> **Task prompt**: Copy the data that follows, character for character, minus the pictures.

> **Data shown**:
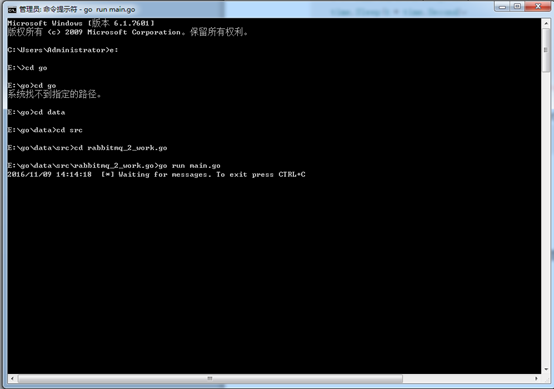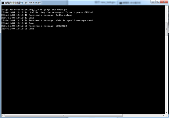 可以看到,work.go循环监听消息并打印,new_task.go中,我们接收控制台参数作为消息内容并发送,消息接收后自动应答。
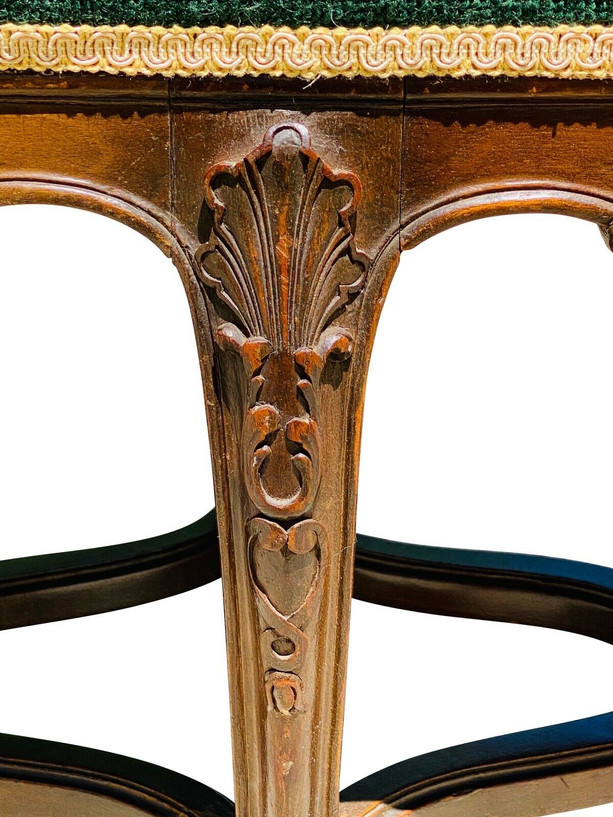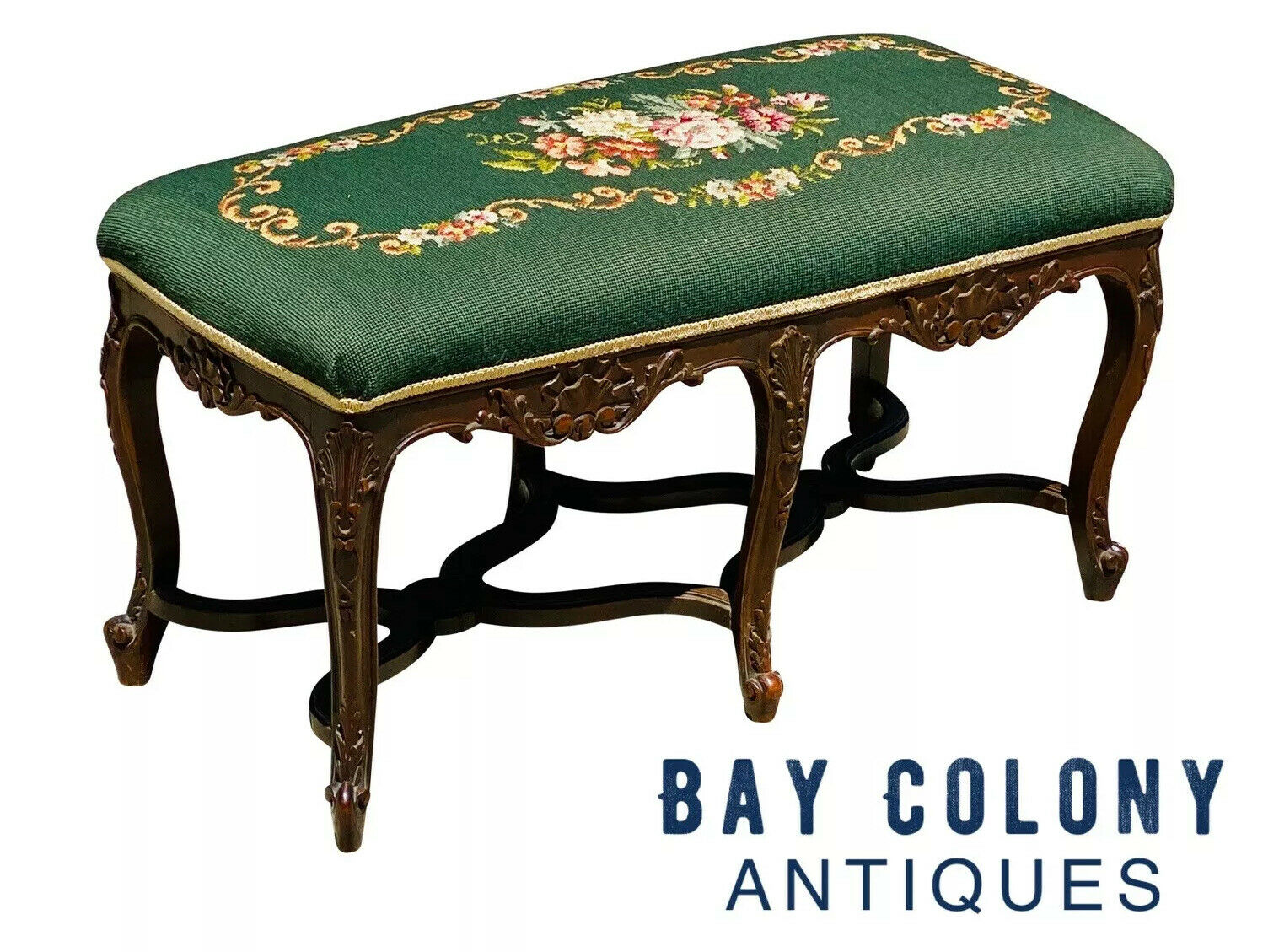 We're delighted to offer for sale this wonderful 19th century antique French walnut window / vanity bench. We have a little trouble keeping these in stock because they're so highly sought after and quickly purchased. The bench has a nice molded frame with shallow shell carvings throughout the body and finely formed cabriole legs with Rococo style whorl feet. These work really well in bedrooms, with vanities, as window benches etc.. The needlepoint seat is decorated with a beautiful multi color floral pattern with floral border amid a forest green field. This bench has 6 legs and an elaborate base stretcher making this solid as a rock. The bench measures 35" wide x 16" deep x 19" tall.
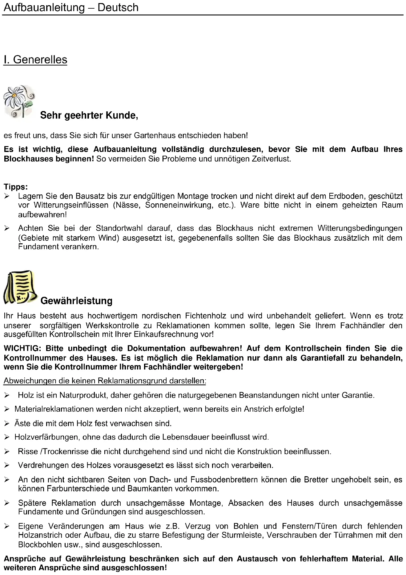 Sehr geehrter Kunde, es freut uns, dass Sie sich für unser Gartenhaus entschieden haben! Es ist wichtig, diese Aufbauanleitung vollständig durchzulesen, bevor Sie mit dem Aufbau Ihres Blockhauses beginnen! So vermeiden Sie Probleme und unnötigen Zeitverlust. Tipps: Lagern Sie den Bausatz bis zur endgültigen Montage trocken und nicht direkt auf dem Erdboden, geschützt vor Witterungseinflüssen (Nässe, Sonneneinwirkung, etc.). Ware bitte nicht in einem geheizten Raum aufbewahren! Achten Sie bei der Standortwahl darauf, dass das Blockhaus nicht extremen Witterungsbedingungen (Gebiete mit starkem Wind) ausgesetzt ist, gegebenenfalls sollten Sie das Blockhaus zusätzlich mit dem Fundament verankern. Gewährleistung Ihr Haus besteht aus hochwertigem nordischen Fichtenholz und wird unbehandelt geliefert. Wenn es trotz unserer sorgfältigen Werkskontrolle zu Reklamationen kommen sollte, legen Sie Ihrem Fachhändler den ausgefüllten Kontrollschein mit Ihrer Einkaufsrechnung vor! WICHTIG: Bitte unbedingt die Dokumentation aufbewahren! Auf dem Kontrollschein finden Sie die Kontrollnummer des Hauses. Es ist möglich die Reklamation nur dann als Garantiefall zu behandeln, wenn Sie die Kontrollnummer Ihrem Fachhändler weitergeben! Abweichungen die keinen Reklamationsgrund darstellen: Holz ist ein Naturprodukt, daher gehören die naturgegebenen Beanstandungen nicht unter Garantie. Materialreklamationen werden nicht akzeptiert, wenn bereits ein Anstrich erfolgte! Äste die mit dem Holz fest verwachsen sind. Holzverfärbungen, ohne das dadurch die Lebensdauer beeinflusst wird. Risse /Trockenrisse die nicht durchgehend sind und nicht die Konstruktion beeinflussen. Verdrehungen des Holzes vorausgesetzt es lässt sich noch verarbeiten. An den nicht sichtbaren Seiten von Dach- und Fussbodenbrettern können die Bretter ungehobelt sein, es können Farbunterschiede und Baumkanten vorkommen. Spätere Reklamation durch unsachgemässe Montage, Absacken des Hauses durch unsachgemässe Fundamente und Gründungen sind ausgeschlossen. Eigene Veränderungen am Haus wie z.B. Verzug von Bohlen und Fenstern/Türen durch fehlenden Holzanstrich oder Aufbau, die zu starre Befestigung der Sturmleiste, Verschrauben der Türrahmen mit den Blockbohlen usw., sind ausgeschlossen. Ansprüche auf Gewährleistung beschränken sich auf den Austausch von fehlerhaftem Material. Alle weiteren Ansprüche sind ausgeschlossen!Aufbauanleitung – Deutsch
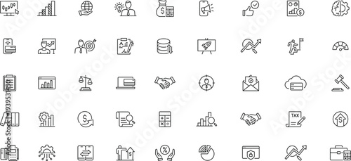 Business Strategy and Finance Line Icons Set – Growth, Analytics, Marketing, Startup, Investment and Management Outline Icons

> **Reply**:
 可以看到,work.go循环监听消息并打印,new_task.go中,我们接收控制台参数作为消息内容并发送,消息接收后自动应答。
 We're delighted to offer for sale this wonderful 19th century antique French walnut window / vanity bench. We have a little trouble keeping these in stock because they're so highly sought after and quickly purchased. The bench has a nice molded frame with shallow shell carvings throughout the body and finely formed cabriole legs with Rococo style whorl feet. These work really well in bedrooms, with vanities, as window benches etc.. The needlepoint seat is decorated with a beautiful multi color floral pattern with floral border amid a forest green field. This bench has 6 legs and an elaborate base stretcher making this solid as a rock. The bench measures 35" wide x 16" deep x 19" tall.
 Sehr geehrter Kunde, es freut uns, dass Sie sich für unser Gartenhaus entschieden haben! Es ist wichtig, diese Aufbauanleitung vollständig durchzulesen, bevor Sie mit dem Aufbau Ihres Blockhauses beginnen! So vermeiden Sie Probleme und unnötigen Zeitverlust. Tipps: Lagern Sie den Bausatz bis zur endgültigen Montage trocken und nicht direkt auf dem Erdboden, geschützt vor Witterungseinflüssen (Nässe, Sonneneinwirkung, etc.). Ware bitte nicht in einem geheizten Raum aufbewahren! Achten Sie bei der Standortwahl darauf, dass das Blockhaus nicht extremen Witterungsbedingungen (Gebiete mit starkem Wind) ausgesetzt ist, gegebenenfalls sollten Sie das Blockhaus zusätzlich mit dem Fundament verankern. Gewährleistung Ihr Haus besteht aus hochwertigem nordischen Fichtenholz und wird unbehandelt geliefert. Wenn es trotz unserer sorgfältigen Werkskontrolle zu Reklamationen kommen sollte, legen Sie Ihrem Fachhändler den ausgefüllten Kontrollschein mit Ihrer Einkaufsrechnung vor! WICHTIG: Bitte unbedingt die Dokumentation aufbewahren! Auf dem Kontrollschein finden Sie die Kontrollnummer des Hauses. Es ist möglich die Reklamation nur dann als Garantiefall zu behandeln, wenn Sie die Kontrollnummer Ihrem Fachhändler weitergeben! Abweichungen die keinen Reklamationsgrund darstellen: Holz ist ein Naturprodukt, daher gehören die naturgegebenen Beanstandungen nicht unter Garantie. Materialreklamationen werden nicht akzeptiert, wenn bereits ein Anstrich erfolgte! Äste die mit dem Holz fest verwachsen sind. Holzverfärbungen, ohne das dadurch die Lebensdauer beeinflusst wird. Risse /Trockenrisse die nicht durchgehend sind und nicht die Konstruktion beeinflussen. Verdrehungen des Holzes vorausgesetzt es lässt sich noch verarbeiten. An den nicht sichtbaren Seiten von Dach- und Fussbodenbrettern können die Bretter ungehobelt sein, es können Farbunterschiede und Baumkanten vorkommen. Spätere Reklamation durch unsachgemässe Montage, Absacken des Hauses durch unsachgemässe Fundamente und Gründungen sind ausgeschlossen. Eigene Veränderungen am Haus wie z.B. Verzug von Bohlen und Fenstern/Türen durch fehlenden Holzanstrich oder Aufbau, die zu starre Befestigung der Sturmleiste, Verschrauben der Türrahmen mit den Blockbohlen usw., sind ausgeschlossen. Ansprüche auf Gewährleistung beschränken sich auf den Austausch von fehlerhaftem Material. Alle weiteren Ansprüche sind ausgeschlossen!Aufbauanleitung – Deutsch
 Business Strategy and Finance Line Icons Set – Growth, Analytics, Marketing, Startup, Investment and Management Outline Icons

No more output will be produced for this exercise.